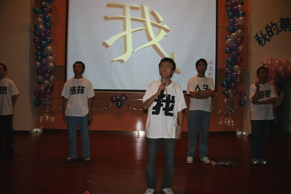 音乐过后,我院06级学生自编自导的话剧《我》闪亮登场,该剧内容深刻语言幽默,赢得阵阵热烈掌声。
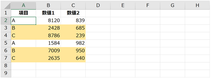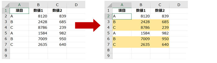 たとえばこんな感じで、[項目] 列が A という文字列以外の行に色を付けたい、というような内容です。こちらをやってみましょう。
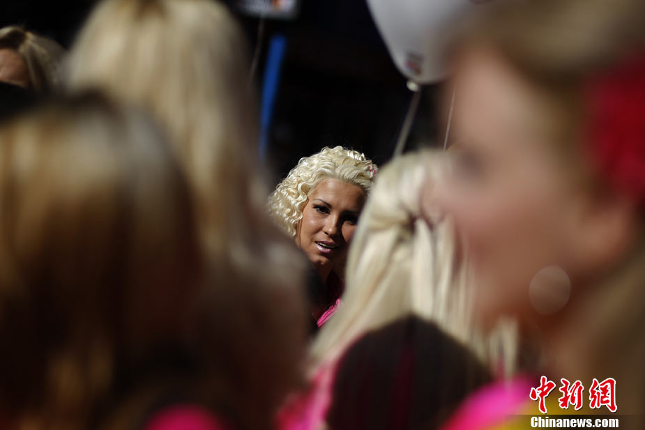 近日,在保加利亞首都索非亞舉行了金發(fā)女郎大游行,眾多美女在街頭大秀嫵媚身材。
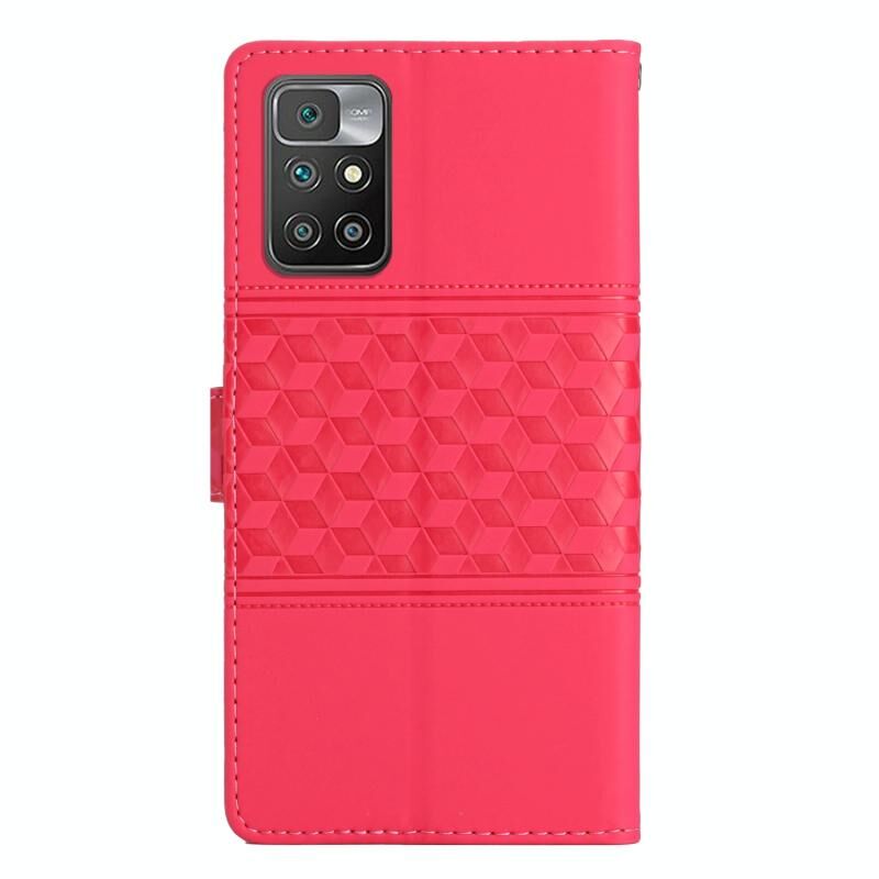 Για Xiaomi Redmi 10 2022 Diamond ανάγλυφο δέρμα αίσθηση δερμάτινη θήκη τηλεφώνου με κορδόνι (κόκκινο)
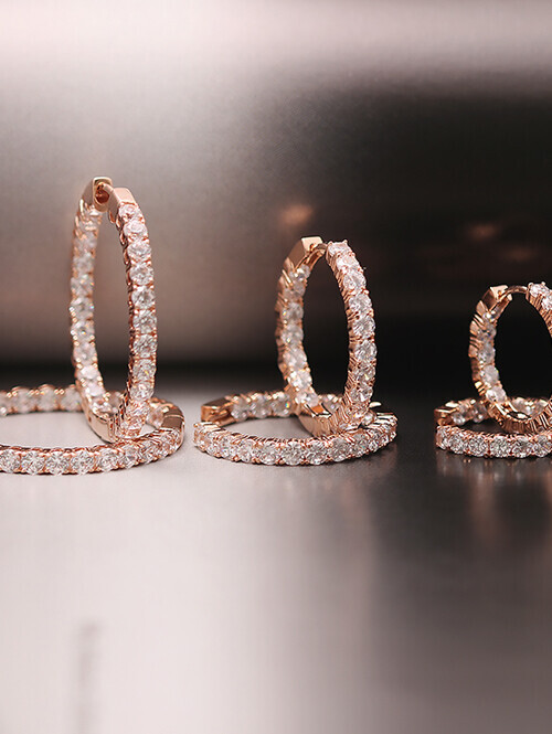 - 14K 18K 듀얼 큐빅 테니스 원터치 링 귀걸이 (중 사이즈)

DESCRIPTION OF THE TASK:
The copy must match the listing above exactly, except that it holds no pictures.

RESULT OF THE TASK:
 音乐过后,我院06级学生自编自导的话剧《我》闪亮登场,该剧内容深刻语言幽默,赢得阵阵热烈掌声。
 たとえばこんな感じで、[項目] 列が A という文字列以外の行に色を付けたい、というような内容です。こちらをやってみましょう。
 近日,在保加利亞首都索非亞舉行了金發(fā)女郎大游行,眾多美女在街頭大秀嫵媚身材。
 Για Xiaomi Redmi 10 2022 Diamond ανάγλυφο δέρμα αίσθηση δερμάτινη θήκη τηλεφώνου με κορδόνι (κόκκινο)
 - 14K 18K 듀얼 큐빅 테니스 원터치 링 귀걸이 (중 사이즈)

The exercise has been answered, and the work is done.